The Fed’s masterstroke (or good luck) was that all this injected liquidity ended up on the stock exchange, rather than in expenditure. That made investors (including retired people) happy, while averting a surge in inflation that could have played havoc with the structure of relative prices.
We have not reached the end of the story, however. In the next few weeks, Ms. Yellen will be facing her final challenge at the Fed. Her task is to neutralize the profligacy of the past before inflation breaks out and the stock exchange adjusts. She must also minimize the impact of higher interest rates on the beneficiaries of the easy-money bonanza.
Light touch
Will she succeed? A key development deserves close attention. Until recently, financial markets expected a drastic – rather than a soft – change in the Fed’s monetary stance. This “hard landing” would have involved a relatively sharp rise in interest rates, troubles in some developing countries, and a hard-to-predict response by the real economy. Private consumption, real estate prices, and investments in fixed capital (machinery) could have all behaved like a roller coaster.
Nothing of the sort happened, because the Fed opted for a super-soft approach. Ten-year Treasury yields today are roughly where they were three months ago. Rather than executing a U-turn and absorbing liquidity, the U.S. central bank decided to reduce the amount of additional liquidity it would inject and announced that it would start drying up only in 2018, if not later. Markets were relieved.
Investors have kept buying stocks despite overblown prices, household spending has held up nicely, and bad borrowers have continued to find plenty of creditors in search of high returns. Even a few months ago, this kind of a soft landing sounded rather unlikely. Now, the picture is more promising.

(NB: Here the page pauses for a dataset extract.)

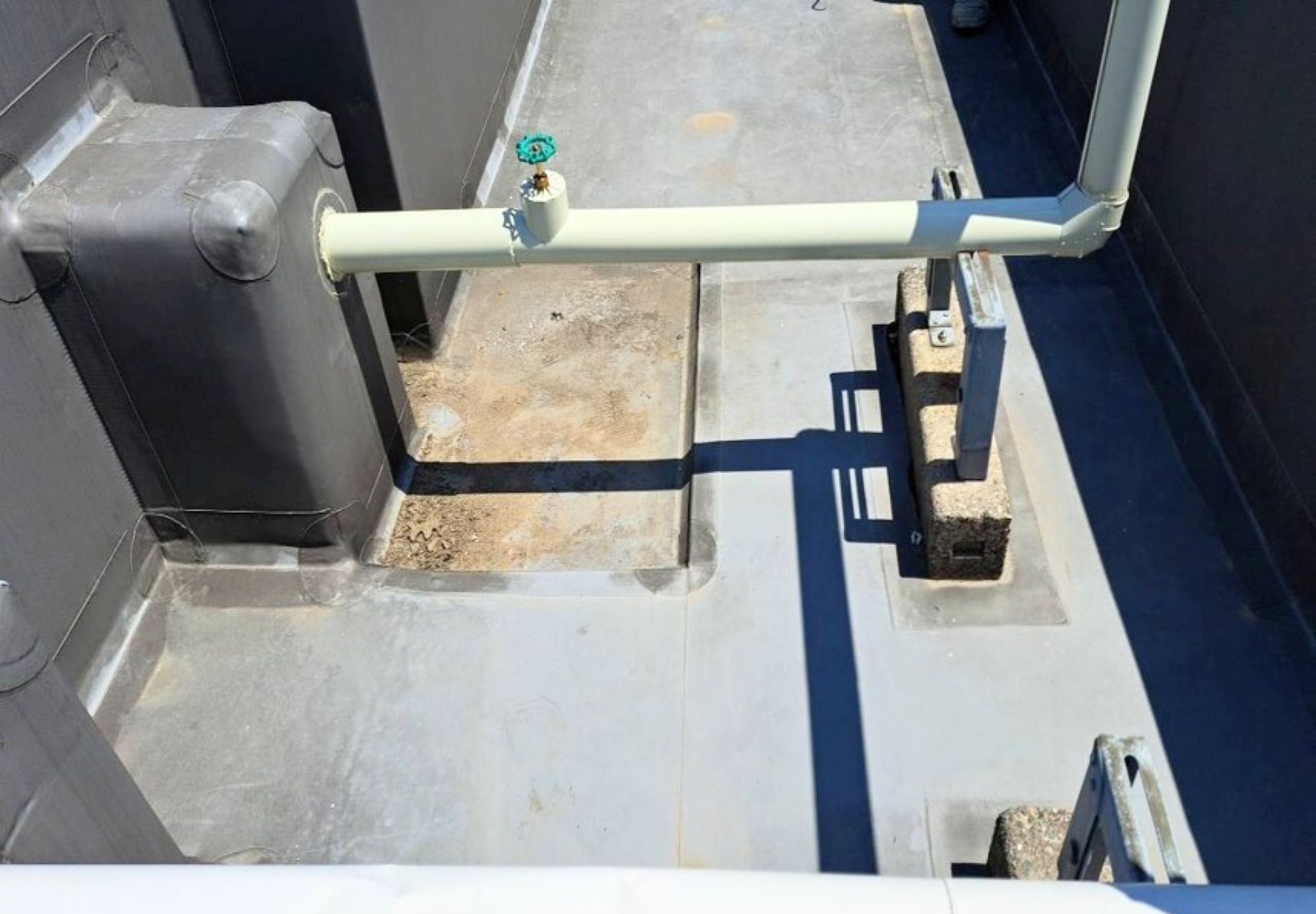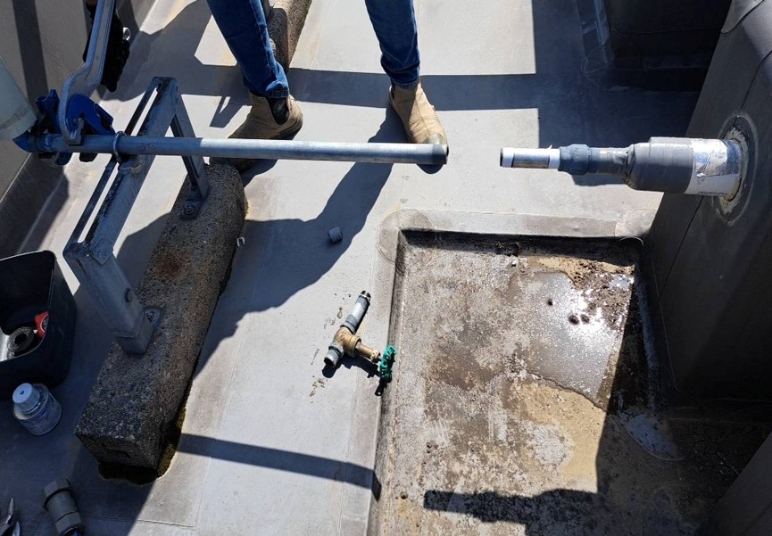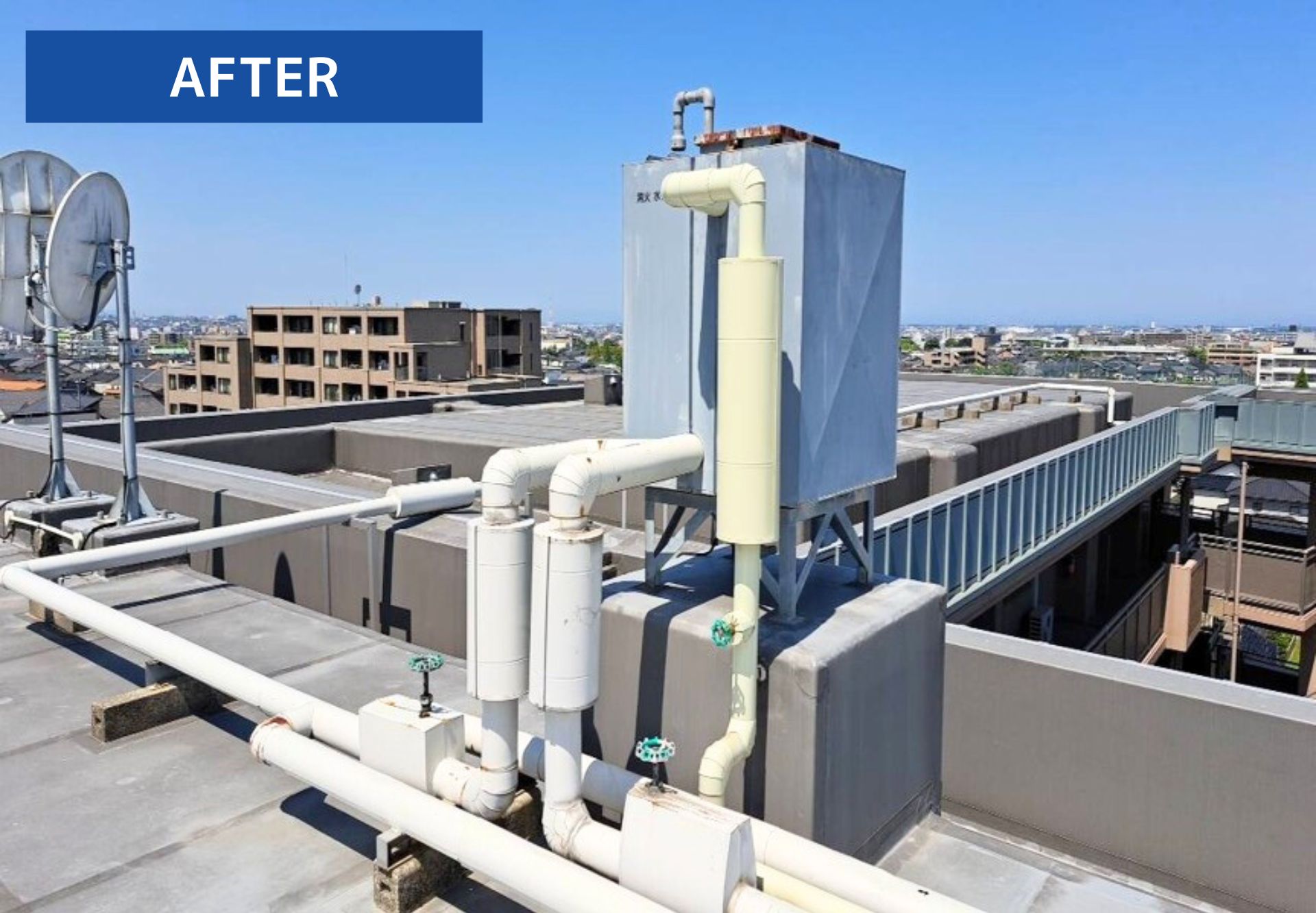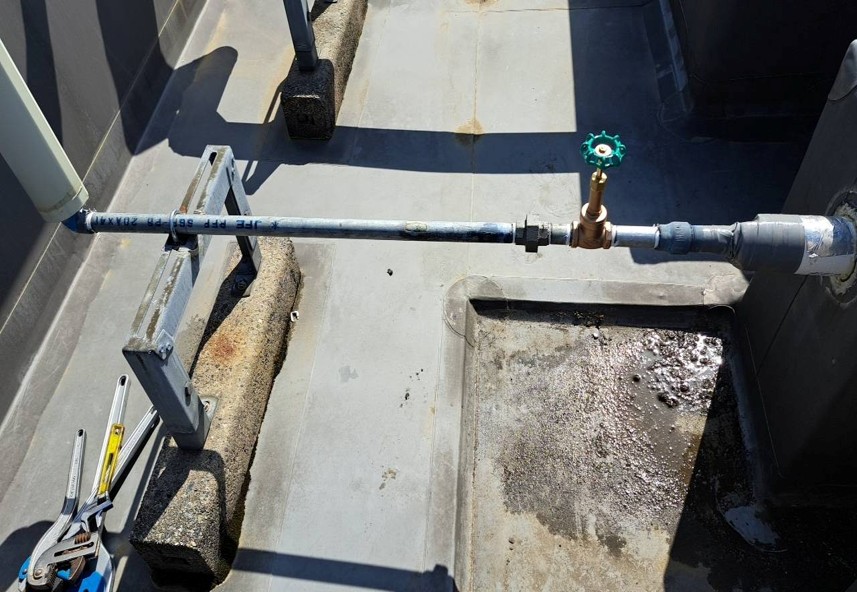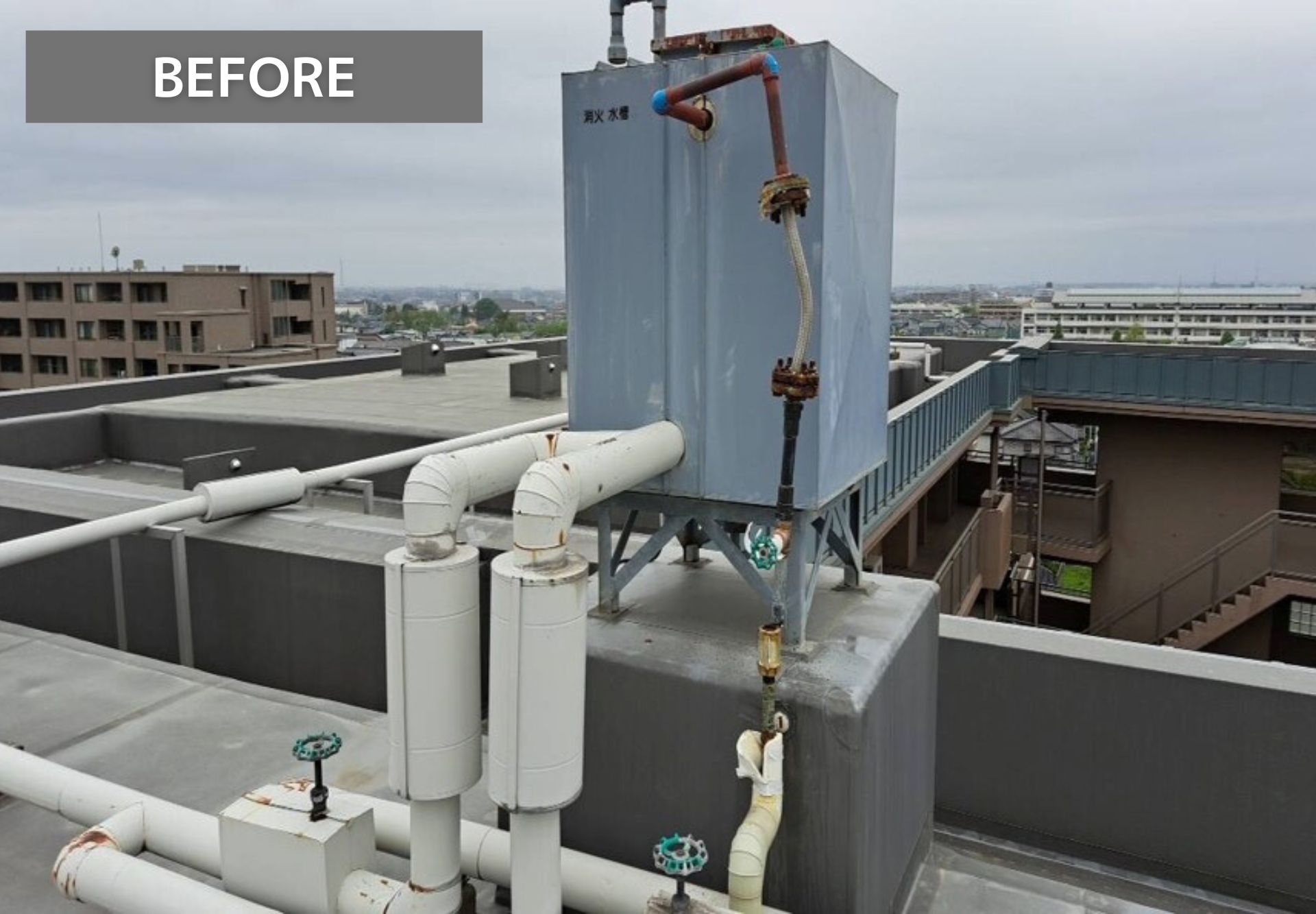 マンション屋上にある消火水槽の補助水槽につながる給水管が経年劣化により、給水管が曲がり錆びていました。給水管の起点にある既設バルブも古くなり、劣化が見られました。今回の工事では傷んだ給水管とバルブを交換し、安心して使用できる状態に改善していきます。

Yet this encouraging scenario is heavily dependent on expectations and growth. These are at risk, because the Fed has resolved to stop handing out gifts of easy credit and cheap mortgages to a large share of the U.S. population. It has also decided to forget about the capital gains Americans received during almost a decade of monetary profligacy.
No uncertainty
For now, the gamble seems to be paying off. Ordinary Americans seem content. They believe the economy is off to a good start and look forward to experiencing fast – and possibly accelerating – growth over the next few years. This sanguine mood is strengthened by what is happening in the entire OECD area (including Europe, where annual growth is 2.3 percent) and beyond (e.g. China, whose economy is growing at a rate of close to 7 percent).
Under this optimistic scenario, the Fed seems to believe that the imbalances inherited from the past can be neutralized gradually. Excess liquidity can be mopped up by the greater demand for money generated by larger incomes, and overblown levels of public indebtedness will appear less threatening as the debt-to-GDP ratios recede and governments become less vulnerable to sudden increases in debt-service costs.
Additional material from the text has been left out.